README.md

# Unified Data Structure db scrips

Code, files & db queries for the UDS data-lake on the BDAP linux platform.

**NOTE:** the data are provided separately, due to their size,
preloaded in *eos-dirs* (read section below about Nextcloud mapping).

## 0. Contents

* `build_eea.py` - script to import EEA's files into mongo db
* `example.py` - sample script to query db and extract docs ("rows") to files
* `src/uds4jrc/` - python project to support the scripts, acting as their library
* data from those C4 projects & activities:
  * EEA - vehicle registrations in EU, reported by MSs & packaged by EEA (raw data)
  * Fiat500x - campaign with OBD data from JRC "amateur" drivers - TODO
  * RealWorld (Travelcard, Geco Air, Spritmonitor)
  * ATCT 
  * DICE - TODO
  * commercial vehicle specs - TODO
  * ...

## 1. Installation

> **TIP:** Prefer _Chrome browser_ when logging into BDAP.
>
> _Chrome_ is a much better fit for BDAP's JEODesk service;
> _Firefox_ does not send any of its default keyboard shortcuts to the _Gucamole_-based
> web-page (ie to the terminal or the IDE you run in BDAP).
> For instance, **[Ctrl+U]/[Ctrl+U]** in _firefox_ do not kill chars left/right of the cursor,
> but _"Show page-source"_ & _"Search in address-bar"_ instead, respectively.

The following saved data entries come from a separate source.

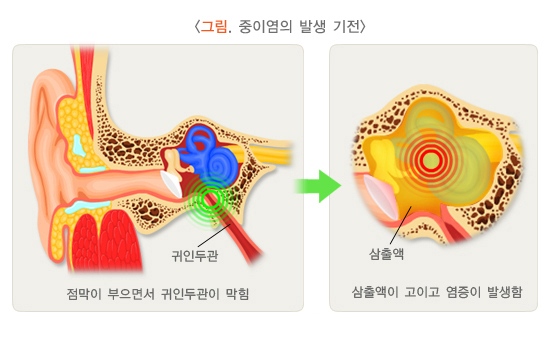 - 귀 통증(급성 중이염)
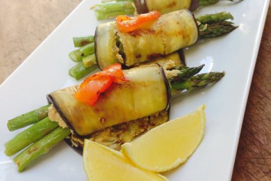 Рулетики из баклажан с соусом из тахини и спаржей.
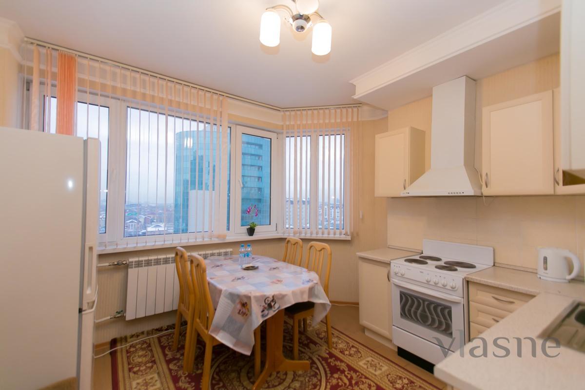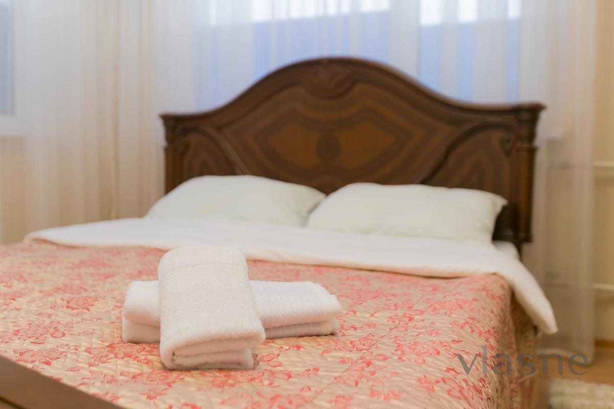 Квартира оснащена всем необходимым для комфортного проживания: телевизор с функцией Smart-TV, высокоскоростной Wi-Fi интернет, кабельное тв, холодильник, электроплита, микроволновая печь, вся посуда для приготовления и приема пищи, чистая бутилированная вода, стол на 4 человек, чистые махровые полотенца, одноразовые банные комплекты.

1. Read and apply [first-time `git@BDAP` setup instructions](./GIT_SETUP.md).

2. Clone this repo inside your **home dir** (`/home/$USER`):

   ```bash
   cd ~
   git clone https://jeodpp.jrc.ec.europa.eu/apps/gitlab/use_cases/legent/uds-scripts.git/ \
        && cd uds-scripts
   ```

3. Run the `setup-account.sh` script to setup your BDAP linux account for the first time,
   and create a new conda-environment to install the project:

   ```bash
   ./setup-account.sh all
   ```

   > **NOTE:** the command will modify your BDAP's rc-files to offer:
   > - searching terminal history with UP arrow,
   > - autocompletion for `git` & `conda` commands,
   > - bash & ipython aliases & variables to *eos-dirs*,
   > - prepare your `git` identity, for when committing.
   >
   > It's better that you logout and re-login, to pick up the changes,
   > but this is not a hard requirement for the next steps.
   >
   > If everything went as planned, the 2nd command is just `conda activate ./env`

4. Activate the created *conda-env*:

   ```bash
   conda activate ./env
   ```

   > **TIP:** you would have to re-issue this command every time you start a new login session or a new bash shell is launched.

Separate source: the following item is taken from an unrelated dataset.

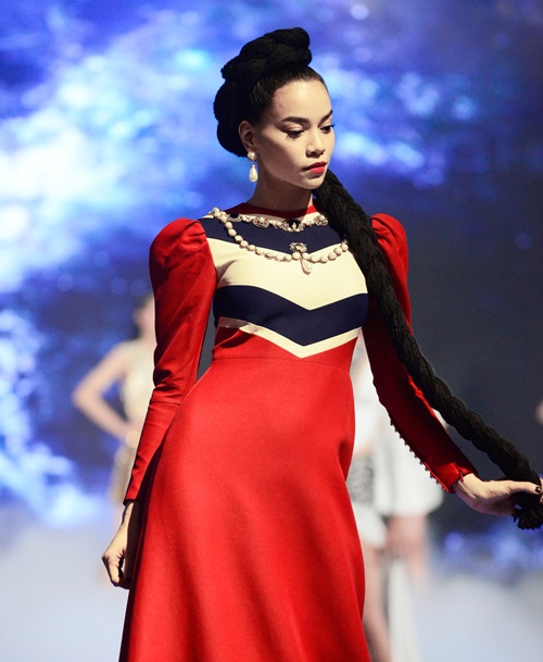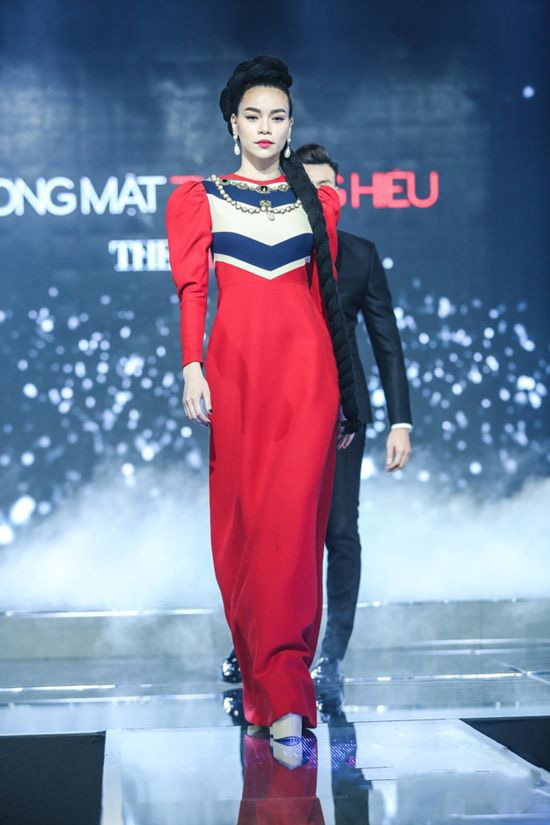 Có thể thấy, với chiếc đầm đỏ rực đắt đỏ, Hà Hồ lấn át hoàn toàn vị huấn luyện viên Phạm Hương, Lan Khuê khi cùng đọ sắc trên thảm đỏ.

5. Create a new file `mysecrets.py` inside the root dir of the cloned project,
   and paste inside the db credentials provided by your db administrator.

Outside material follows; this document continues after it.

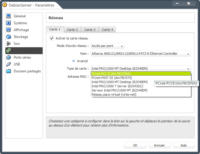 Pourtant, si l’on teste une à une les cartes « émulables », il s’avère que seules les cartes AMD PCnet (chipsets Am79C970A et Am79C973) permettent l’amorçage PXE. Bug ou incompatibilité ?..

6. Setup the *conda-env* as your IDE's Python interpreter:

    * **PyCharm:** File --> Settings --> Project --> Python Interpreter
      --> Press gear symbol and select “Add” --> Conda Environment
      --> Click "Existing environment" --> Select "uds-scripts/env" path.

    * **VSCode:** Press **[Ctrl+P]** and start typing "select interpreter" and select
      "Python: select interpreter" it from the drop-down list,
      then navigate to path of the *conda-env*.

7. (optional) install and configure **nextcloud-agent** on your PC,
   to sync local files with BDAP, like "dropbox" does (read section below).


* For more info on managing Conda environments click [here](https://docs.conda.io/projects/conda/en/latest/user-guide/tasks/manage-environments.html).
* For the bdap pycharm/conda documentation click here [here](https://jeodpp.jrc.ec.europa.eu/apps/gitlab/for-everyone/documentation/-/wikis/howto/jeodesk/Set-up-pycharm-with-conda-virtual-environment)

## 1.1. Nextcloud mapping of BDAP folders with your PC

The [*nextcloud* BDAP service](https://jeodpp.jrc.ec.europa.eu/apps/gitlab/for-everyone/documentation/-/wikis/Jeodpp_services/Document-Sharing)
is the only gateway of big data files into and outof BDAP
(the other one is the *gitlab server*, but it's for code and smaller data-files). \
You may selectively upload files through [its web-based service](https://jeodpp.jrc.ec.europa.eu/apps/cloud/),
but it's easier to install [the nextcloud-agent](https://nextcloud.com/install/#install-clients)
on your PC and have it sync files in the background, like "dropbox" does.

We suggest to configure nextcloud-agent to sync your dirs like that:

```text
Name           BDAP path                                      your PC path
=========      =========================================      =============
private:       /home/{user}/Documents                    <--> data
personal-eos:  /eos/jeodpp/home/users/{user}/transfer    <--> eos_user_home
public-eos:    /eos/jeodpp/data/projects/LEGENT/transfer <--> eos_LEGENT
```

> **NOTE:** by default, BDAP maps the 2nd "personal-eos" folder directly to `{user}` dir,
> thus leaving *no space for your experiments* there, beyond nextcloud's mappings;
> and this means wasting network bandwidth & storage on your PC while experimenting.
> >
> Please reconfigure *nextcloud-agent* so as to replicate the setup of the "public-eos" dir,
> by creating a `transfer` subdir and limitting nextcloud to sync only that one.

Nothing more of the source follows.